In Kabul, Prime Minister Mohammad Hassan Akhund convened an emergency meeting at the presidential palace to co-ordinate the relief effort for victims in Paktika and Khost.

The “response is on its way”, the UN resident co-ordinator in Afghanistan, Ramiz Alakbarov, wrote on Twitter.

Some remote areas of Pakistan saw reports of damage to homes near the Afghan border, but it was not immediately clear if that was due to rain or the earthquake, said Taimoor Khan, a disaster management spokesman in the area.

Pakistan’s Prime Minister Shahbaz Sharif in a statement offered his condolences over the earthquake, saying his nation will provide help to the Afghan people.

The European seismological agency, EMSC, said the earthquake’s tremors were felt over 310 miles away by 119 million people across Afghanistan, Pakistan and India.

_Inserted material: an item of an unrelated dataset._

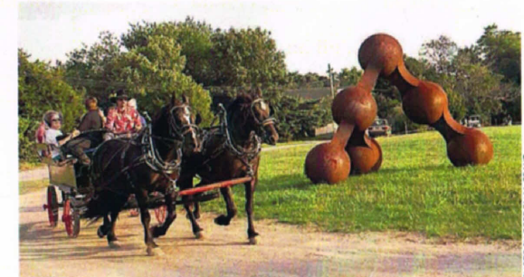
Horses draw a carriage past "Pyramid" in Water Mill.

MUST-SEES Popa's "Embrace of the Sun," which is a large orb surrounded by smaller ones that often is surrounded by grazing sheep; "Astronauts" involves 22-foot-tall figures that act as sentries, welcoming people into the sculpture fields.
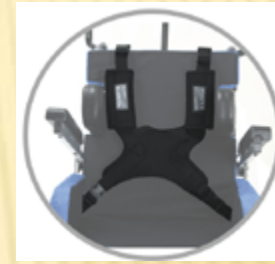
Safety Belt $120

Mountainous Afghanistan and the larger region of South Asia along the Hindu Kush mountains has long been vulnerable to devastating earthquakes.

In 2015, a major earthquake that struck the country’s northeast killed more than 200 people in Afghanistan and neighbouring northern Pakistan.

A 6.1-magnitude earthquake in 2002 killed about 1,000 people in northern Afghanistan.

And in 1998, another earthquake of the same strength and subsequent tremors in Afghanistan’s remote northeast killed at least 4,500 people.